Мои женщины Ноябрь 1963 Мой сашок-дружок

Александр Суворый
Мои женщины. Ноябрь 1963. Мой «сашок-дружок».

Александр Сергеевич Суворов (Александр Суворый)

Мальчикам и девочкам, юношам и девушкам, отцам и матерям о половом воспитании настоящих мужчин.

Иллюстрация: Современное фото из сети Интернет. Вот точно также динамично и циклично менялся мой облик, рост и форма тела по годам возраста с 3-х лет (1956 г.) до 13-ти лет (1966 г.). Точно такой же резкий скачок в росте с 10 по 11 год жизни, потом с 11 по 12, и с 12 по 13 годы. С 1963 года я каждый год вырастал ровно на «полголовы», становился выше ростом, «ширше» в плечах и мощнее в жилистых мышцах. При этом ноги удлинялись, но продолжали оставаться худыми, жилистыми и почти одного размера стопы.
 
Приключение со смегмой начисто отвратило меня от всяких ночных эротических сновидений и поллюций потому, что сильно напугало. Дело в том, что, живя в семье, в которой главный человек – это медик, пусть не врач, а военный фельдшер, но по опыту работы, особенно в послевоенный период 1956-1957 годов, когда моя мама была одна фельдшер на три шахтёрских посёлка и девять деревень, она была больше чем врач, она была настоящим Доктором. Моя мама не только была врачом общей практики, она была одновременно детским врачом, врачом ухо, горло, нос, глазным врачом, хирургом, акушером, психиатром и психологом, лаборантом, медсестрой и сестрой милосердия. Я сам не раз помогал маме делать мелкие операции по зашиванию рваных и резаных ран на голове, руках и теле человека. Я даже однажды помогал маме, когда она вырезала из груди (сиськи) одной из женщин что-то инородное, тяжело плюхнувшееся в тазик, который держал я обеими руками…
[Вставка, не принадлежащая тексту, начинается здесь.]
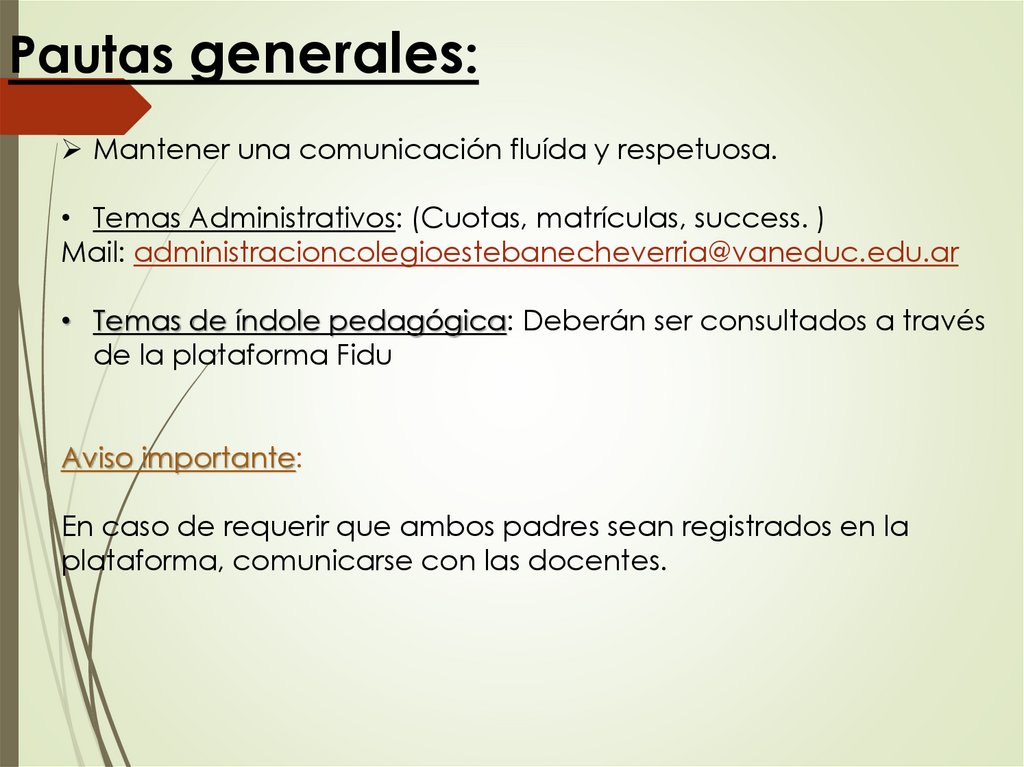 Pautas generales:Mantener una comunicación fluída y respetuosa.

Немудрено, что в нашей семье царил культ чистоты и санитарии, чистого нательного и постельного белья, мытья рук после посещения туалета, перед едой и после прихода с улицы. Наша мама была одарена сверхчувствительным обонянием и могла по запаху «раскрыть» любое наше «преступление», совершённое дома, в школе или на улице. Наша мама знала по медицинским делам практически всё, что было нужно для спасения жизни человеку, попавшему в беду или заболевшему чем-либо. Вот почему я изначально, с детства, знал, что такое «венерические заболевания» и как они «подцепляются».

Я, мой старший брат Юра и наш папа очень боялись и полностью отвергали от себя эти самые «венерические заболевания». На улице про «венеру» (заболевания, передающиеся половым путём - автор) говорили всегда шутливо, небрежно, грубо, со смехом, но тоже с тайной неприязнью и боязнью. У нас в доме, в семье Суворовых, мы особо на эту тему не распространялись, но наша мама всегда строго и неуклонно, по случаю, напоминала нам о необходимости беречься и избегать «недостойных настоящего мужчины приключений».
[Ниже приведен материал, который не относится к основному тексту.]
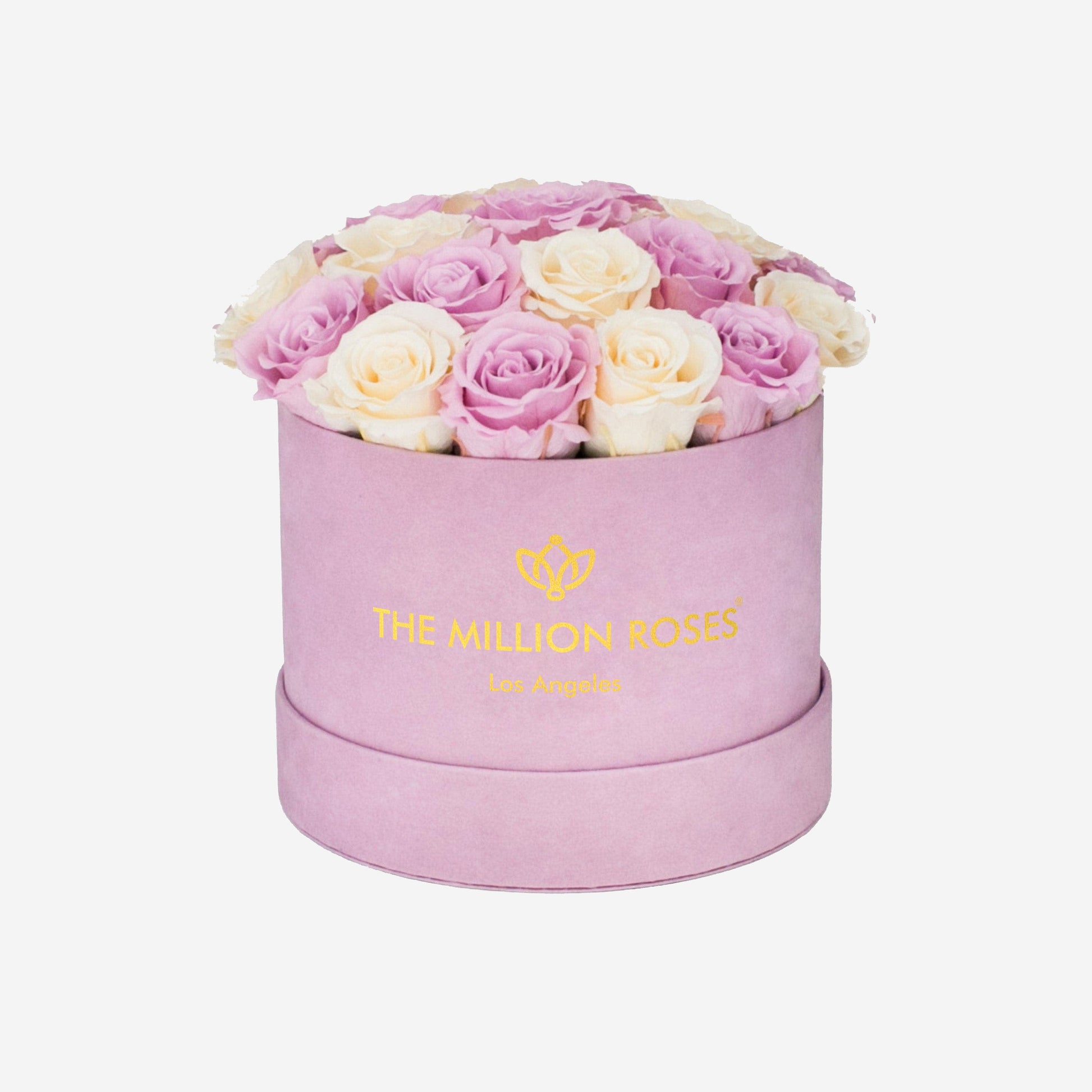 Classic Light Pink Suede Dome Box | White & Pink Roses

Дело в том, что наша мама работала старшей медицинской сестрой инфекционного отделения Суворовской центральной районной и городской больницы №1, которая в мирное время обслуживала город Суворов и все пригородные сёла, посёлки и деревни, а также была для остальных сёл, посёлков и деревень Суворовского района Тульской области центральной, как сейчас, например, ту же роль имеют областные больницы и поликлиники. Кроме этого в военное время или в период эпидемий и ЧП наша городская больница должна была быть госпиталем и центром борьбы с эпидемиями.
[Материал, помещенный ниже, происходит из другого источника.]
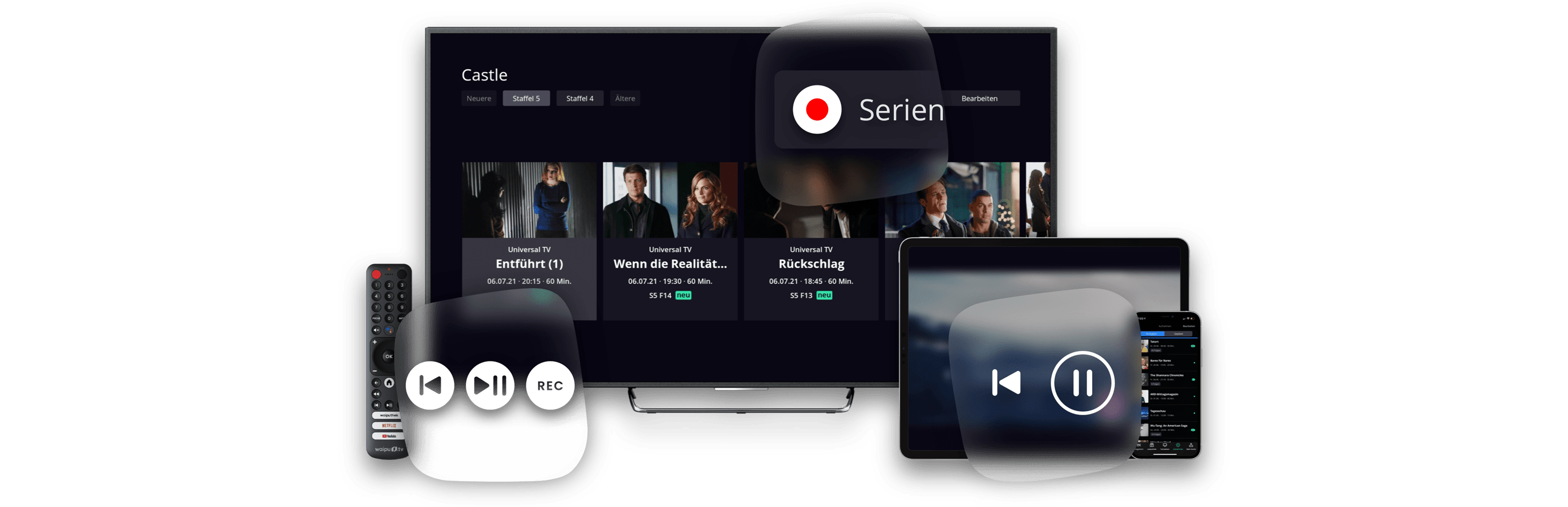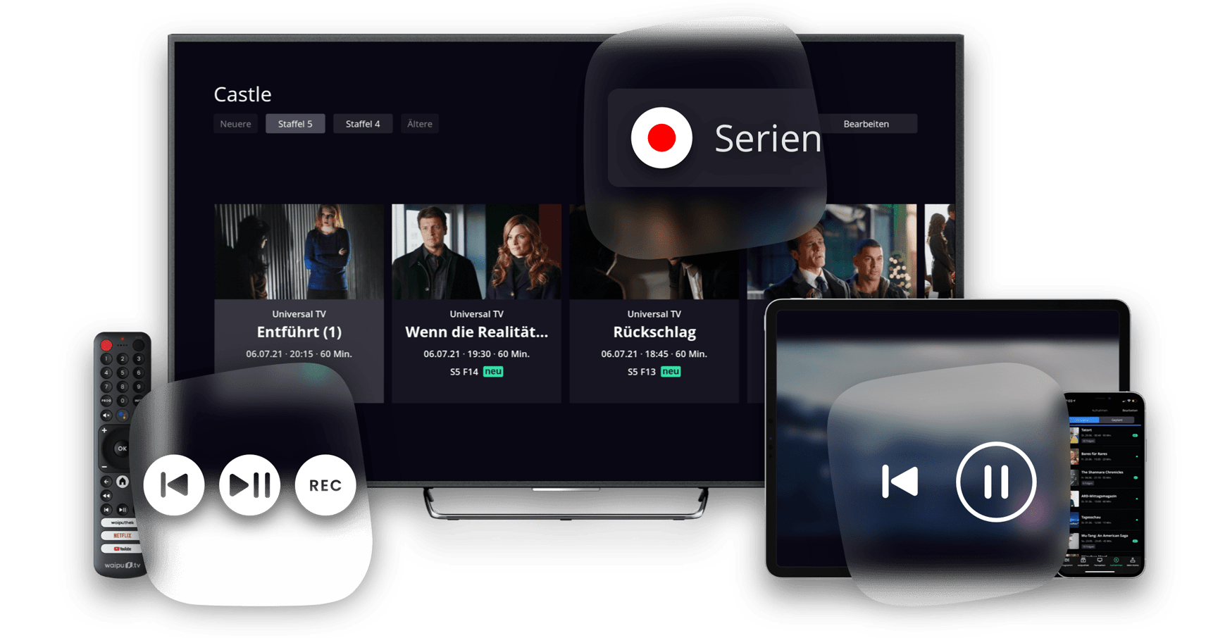 Kabelanschluss war gestern, Fernsehen ist da, wo Ihr WLAN ist - ganz ohne Kabelsalat. So können Sie individueller, flexibler und einfach schöner fernsehen - wann, wie und wo Sie wollen. Und das sogar auf mehreren Geräten gleichzeitig. waipu.tv bietet mehr als 300 Sender, davon über 290 in HD und mehr als 30.000 Filme, Serien und Shows auf Abruf. Bestellen Sie jetzt das perfekte TV-Erlebnis für die ganze Familie. Ob auf dem Smartphone, Fernseher, Laptop oder Tablet: waipu.tv bietet für alle Geräte in der ganzen Wohnung das perfekte TV-Vergnügen.

Вот почему наша мама, военный фельдшер, с опытом непрерывной работы с Финской войны 1939-1940 года и Великой Отечественной войны 1941-1945 годов так организовала сестринскую работу в инфекционном отделении, что она больше походила на военную медицинскую службу. За это нашу маму не только уважали, но и ценили, как незаменимого высококлассного универсального специалиста-медика. У нашей мамы не было только одного – формального медицинского высшего образования, а во всём остальном она была медиком высшего класса.

Таким образом, моё отношение к той смегме, которая у меня образовалась, было крайне и резко отрицательным. После этого «приключения» я на всю оставшуюся жизнь выработал свои правила личной гигиены и заботы о моём «сашке-дружке», вообще о своём теле и организме. Куда бы меня не помещала моя жизнь и судьба, везде я применял эти правила личной гигиены и не расставался с пузырьком марганцовки, пузырьком йода, набором самых необходимых лекарств «от простуды», «от живота», «от газов», «от головы», «от недомогания», а также с бинтами, лейкопластырем, ватой, кремом для заживления ранок, царапин и порезов и другими медицинскими средствами самозащиты. С 1963 года я не только начал интересоваться и узнавать значение разных медицинских лекарств и средств, но и почти самостоятельно применять их.

Мой старший брат Юра тоже имел свою личную тайную аптечку, но она у него была не общая, а конкретная – для заживления синяков, ранок, порезов, ссадин, ушибов. Например, у него были кремы, которыми он маскировал свои синяки на скулах и под глазами, ап также кремы и мази, которыми он смазывал свои непослушные вихры, приучая их к красивой причёске наверх и назад. У меня же мои волосы на голове росли так, что мне можно было только носить причёску с прямым чубчиком или с чубом на бок и с пробором над левым ухом. Эх, если бы мне такую причёску, как Юре!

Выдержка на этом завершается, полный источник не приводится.